The Hunt (The Cage 2)
Page 29
They climbed inside. Leon fumbled with something in his pocket and then a light strapped to his forehead came on. The beam cut through the darkness, showing only a circle of light. Leon moved it slowly around the room so she could see everything. One wall was covered in animal heads that had been detached from the bodies and mounted on hard backings. Not just antlers and horns, but entire heads. An antelope. A deer. Mali had seen much in her life to disturb her, but her pulse had never quite raced in this fluttering, anxious way before.
“I do not understand,” she said.
Leon barely glanced at the animal heads. “He’s a hunter. Deer antlers. People do it all the time at home.”
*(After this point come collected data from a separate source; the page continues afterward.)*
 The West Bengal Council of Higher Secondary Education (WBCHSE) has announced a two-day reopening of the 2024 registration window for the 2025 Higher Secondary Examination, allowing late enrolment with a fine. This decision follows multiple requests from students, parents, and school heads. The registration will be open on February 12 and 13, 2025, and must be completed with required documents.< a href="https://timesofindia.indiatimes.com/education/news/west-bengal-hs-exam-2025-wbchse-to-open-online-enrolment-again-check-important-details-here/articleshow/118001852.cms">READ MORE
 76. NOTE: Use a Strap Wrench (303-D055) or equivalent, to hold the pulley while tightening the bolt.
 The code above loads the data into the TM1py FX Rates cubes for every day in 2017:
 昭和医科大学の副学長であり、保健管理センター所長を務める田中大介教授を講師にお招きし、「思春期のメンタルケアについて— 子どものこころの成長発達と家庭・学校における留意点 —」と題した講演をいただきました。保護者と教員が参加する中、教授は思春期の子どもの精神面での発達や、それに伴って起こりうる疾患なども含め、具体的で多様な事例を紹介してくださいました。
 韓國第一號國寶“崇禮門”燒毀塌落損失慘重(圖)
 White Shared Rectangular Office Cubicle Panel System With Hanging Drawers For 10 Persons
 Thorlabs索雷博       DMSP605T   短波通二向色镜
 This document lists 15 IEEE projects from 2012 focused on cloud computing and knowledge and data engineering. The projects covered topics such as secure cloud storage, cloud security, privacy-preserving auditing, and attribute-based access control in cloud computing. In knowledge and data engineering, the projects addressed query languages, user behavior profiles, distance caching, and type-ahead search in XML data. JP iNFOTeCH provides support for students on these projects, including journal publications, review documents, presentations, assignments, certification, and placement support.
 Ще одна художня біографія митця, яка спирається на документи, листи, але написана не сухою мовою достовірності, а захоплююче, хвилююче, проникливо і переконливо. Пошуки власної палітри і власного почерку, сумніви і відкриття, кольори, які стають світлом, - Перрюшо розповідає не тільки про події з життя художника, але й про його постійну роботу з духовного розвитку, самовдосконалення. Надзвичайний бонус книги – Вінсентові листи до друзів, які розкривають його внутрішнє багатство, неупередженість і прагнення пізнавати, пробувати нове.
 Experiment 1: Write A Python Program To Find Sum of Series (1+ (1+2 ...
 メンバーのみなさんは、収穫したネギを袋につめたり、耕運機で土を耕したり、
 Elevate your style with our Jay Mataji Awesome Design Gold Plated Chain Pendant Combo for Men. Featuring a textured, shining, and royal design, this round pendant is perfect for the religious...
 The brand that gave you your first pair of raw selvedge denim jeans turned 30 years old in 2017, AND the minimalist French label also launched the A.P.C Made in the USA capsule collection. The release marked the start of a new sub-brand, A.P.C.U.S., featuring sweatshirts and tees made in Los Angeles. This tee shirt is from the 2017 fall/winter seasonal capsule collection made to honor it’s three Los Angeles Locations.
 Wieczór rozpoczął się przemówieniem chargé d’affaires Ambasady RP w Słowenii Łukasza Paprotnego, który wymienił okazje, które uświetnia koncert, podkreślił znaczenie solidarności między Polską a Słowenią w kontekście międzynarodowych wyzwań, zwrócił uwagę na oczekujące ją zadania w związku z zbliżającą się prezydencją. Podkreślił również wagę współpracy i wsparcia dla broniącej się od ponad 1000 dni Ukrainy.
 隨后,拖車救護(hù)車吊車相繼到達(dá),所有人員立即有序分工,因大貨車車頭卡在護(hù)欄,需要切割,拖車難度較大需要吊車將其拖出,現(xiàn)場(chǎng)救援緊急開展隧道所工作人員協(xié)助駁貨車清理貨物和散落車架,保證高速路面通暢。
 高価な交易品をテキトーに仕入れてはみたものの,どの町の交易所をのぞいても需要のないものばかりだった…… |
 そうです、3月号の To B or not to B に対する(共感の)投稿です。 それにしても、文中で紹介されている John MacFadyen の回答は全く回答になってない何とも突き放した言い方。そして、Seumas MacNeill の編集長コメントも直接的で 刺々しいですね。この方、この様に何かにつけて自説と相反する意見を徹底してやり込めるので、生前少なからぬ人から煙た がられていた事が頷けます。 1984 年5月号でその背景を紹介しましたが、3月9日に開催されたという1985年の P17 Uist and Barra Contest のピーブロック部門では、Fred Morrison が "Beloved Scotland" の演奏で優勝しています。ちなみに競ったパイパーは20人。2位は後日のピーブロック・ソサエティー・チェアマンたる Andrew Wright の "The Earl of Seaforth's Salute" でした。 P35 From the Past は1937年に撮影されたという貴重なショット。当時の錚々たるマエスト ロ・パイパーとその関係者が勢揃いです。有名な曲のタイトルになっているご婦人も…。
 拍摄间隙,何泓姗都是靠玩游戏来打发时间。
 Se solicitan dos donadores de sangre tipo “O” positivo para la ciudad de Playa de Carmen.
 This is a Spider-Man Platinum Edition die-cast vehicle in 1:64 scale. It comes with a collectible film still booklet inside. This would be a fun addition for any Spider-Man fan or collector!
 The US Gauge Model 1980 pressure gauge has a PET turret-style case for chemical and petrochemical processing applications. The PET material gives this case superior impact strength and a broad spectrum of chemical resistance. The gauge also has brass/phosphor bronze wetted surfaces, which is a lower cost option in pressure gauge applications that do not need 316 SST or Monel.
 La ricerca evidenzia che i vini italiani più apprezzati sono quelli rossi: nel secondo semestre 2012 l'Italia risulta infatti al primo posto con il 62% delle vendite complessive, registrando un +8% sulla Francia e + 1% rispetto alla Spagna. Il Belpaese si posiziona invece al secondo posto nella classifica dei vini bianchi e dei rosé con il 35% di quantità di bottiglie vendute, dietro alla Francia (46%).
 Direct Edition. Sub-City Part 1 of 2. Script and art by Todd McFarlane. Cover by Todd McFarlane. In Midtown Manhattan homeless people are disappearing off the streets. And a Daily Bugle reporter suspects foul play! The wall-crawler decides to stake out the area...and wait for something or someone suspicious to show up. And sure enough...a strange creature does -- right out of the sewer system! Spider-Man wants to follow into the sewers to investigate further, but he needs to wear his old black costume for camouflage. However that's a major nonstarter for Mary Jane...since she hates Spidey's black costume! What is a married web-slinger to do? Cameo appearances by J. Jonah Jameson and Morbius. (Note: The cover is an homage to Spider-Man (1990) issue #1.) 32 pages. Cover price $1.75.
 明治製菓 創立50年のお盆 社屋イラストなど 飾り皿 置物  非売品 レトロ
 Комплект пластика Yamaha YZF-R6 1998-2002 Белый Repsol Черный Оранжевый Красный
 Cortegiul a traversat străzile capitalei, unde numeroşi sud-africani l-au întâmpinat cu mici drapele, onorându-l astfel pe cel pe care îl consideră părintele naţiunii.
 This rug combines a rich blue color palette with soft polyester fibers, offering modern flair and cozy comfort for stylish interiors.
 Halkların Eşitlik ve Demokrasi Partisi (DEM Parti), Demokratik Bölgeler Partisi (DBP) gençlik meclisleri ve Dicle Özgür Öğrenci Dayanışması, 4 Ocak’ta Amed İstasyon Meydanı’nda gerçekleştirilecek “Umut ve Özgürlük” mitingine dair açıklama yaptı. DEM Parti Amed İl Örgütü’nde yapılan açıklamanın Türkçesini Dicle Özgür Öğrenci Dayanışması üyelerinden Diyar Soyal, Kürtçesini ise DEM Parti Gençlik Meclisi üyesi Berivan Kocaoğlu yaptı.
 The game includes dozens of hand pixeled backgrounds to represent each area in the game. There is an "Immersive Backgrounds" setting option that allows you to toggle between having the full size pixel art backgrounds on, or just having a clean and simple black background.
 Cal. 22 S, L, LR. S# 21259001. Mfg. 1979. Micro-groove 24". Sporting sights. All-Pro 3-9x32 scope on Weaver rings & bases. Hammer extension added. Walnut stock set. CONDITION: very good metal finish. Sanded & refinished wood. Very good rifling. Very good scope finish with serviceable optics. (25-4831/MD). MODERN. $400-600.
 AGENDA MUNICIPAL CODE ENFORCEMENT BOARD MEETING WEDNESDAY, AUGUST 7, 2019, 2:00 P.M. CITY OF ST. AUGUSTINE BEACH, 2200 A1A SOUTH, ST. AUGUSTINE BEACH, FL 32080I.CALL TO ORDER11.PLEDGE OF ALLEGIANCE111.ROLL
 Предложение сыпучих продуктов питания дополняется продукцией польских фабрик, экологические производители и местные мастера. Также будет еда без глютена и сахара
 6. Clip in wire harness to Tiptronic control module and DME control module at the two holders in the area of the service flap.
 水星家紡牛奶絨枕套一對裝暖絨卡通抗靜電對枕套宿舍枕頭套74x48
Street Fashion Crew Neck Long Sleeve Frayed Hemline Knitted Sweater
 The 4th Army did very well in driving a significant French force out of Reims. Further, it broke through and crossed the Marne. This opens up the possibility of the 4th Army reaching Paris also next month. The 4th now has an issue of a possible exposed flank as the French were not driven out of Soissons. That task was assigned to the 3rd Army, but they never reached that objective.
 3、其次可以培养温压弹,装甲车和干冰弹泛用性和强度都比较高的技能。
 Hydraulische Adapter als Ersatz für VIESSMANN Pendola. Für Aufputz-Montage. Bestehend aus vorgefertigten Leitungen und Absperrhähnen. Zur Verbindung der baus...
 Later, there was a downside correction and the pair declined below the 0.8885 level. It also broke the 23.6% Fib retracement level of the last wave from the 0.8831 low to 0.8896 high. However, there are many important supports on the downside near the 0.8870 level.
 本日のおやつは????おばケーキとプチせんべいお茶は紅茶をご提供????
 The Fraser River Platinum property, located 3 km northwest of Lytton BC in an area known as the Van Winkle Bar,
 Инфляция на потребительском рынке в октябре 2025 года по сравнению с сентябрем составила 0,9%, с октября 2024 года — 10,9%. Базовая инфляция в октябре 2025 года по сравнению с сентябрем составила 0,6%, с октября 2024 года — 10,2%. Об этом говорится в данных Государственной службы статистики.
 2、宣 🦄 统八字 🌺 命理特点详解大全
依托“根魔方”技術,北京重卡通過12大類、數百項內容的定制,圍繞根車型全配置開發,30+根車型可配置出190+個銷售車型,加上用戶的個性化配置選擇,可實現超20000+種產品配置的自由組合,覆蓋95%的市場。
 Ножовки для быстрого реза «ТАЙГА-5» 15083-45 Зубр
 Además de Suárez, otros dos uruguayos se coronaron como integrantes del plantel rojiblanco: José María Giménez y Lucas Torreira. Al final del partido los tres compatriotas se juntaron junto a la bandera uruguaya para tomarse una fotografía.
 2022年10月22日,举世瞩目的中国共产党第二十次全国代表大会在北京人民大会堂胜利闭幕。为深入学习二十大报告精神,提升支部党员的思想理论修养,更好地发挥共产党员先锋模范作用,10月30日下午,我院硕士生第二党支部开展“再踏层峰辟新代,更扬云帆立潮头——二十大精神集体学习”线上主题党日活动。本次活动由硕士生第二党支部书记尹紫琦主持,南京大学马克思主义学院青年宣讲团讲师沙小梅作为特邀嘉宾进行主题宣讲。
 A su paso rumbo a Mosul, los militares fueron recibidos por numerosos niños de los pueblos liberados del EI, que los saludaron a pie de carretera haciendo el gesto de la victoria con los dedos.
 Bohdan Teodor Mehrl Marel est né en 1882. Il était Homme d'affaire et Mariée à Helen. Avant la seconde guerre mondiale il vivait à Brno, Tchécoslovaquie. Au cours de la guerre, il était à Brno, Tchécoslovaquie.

He spoke so casually of something so strange.
“Not the Kindred,” she said. “I have never seen this.”
Leon kept swinging the light, and it settled on a table where various animal parts were laid out, along with containers of chemicals and the thick black wire the Mosca used for their masks. She stepped closer, squinting at the fur in the darkness. A hyena pelt.
Scavenger.
Her stomach started to turn in revulsion. This was more than just cutting off a claw. He’d completely desecrated Scavenger’s entire body. Her pulse was fluttering harder now, and she glanced at Leon, afraid he could see. Something was very, very wrong.
Leon pointed to a small desk in front of a mirror that was covered by a heavy black cloth. “I leave the packages under there.”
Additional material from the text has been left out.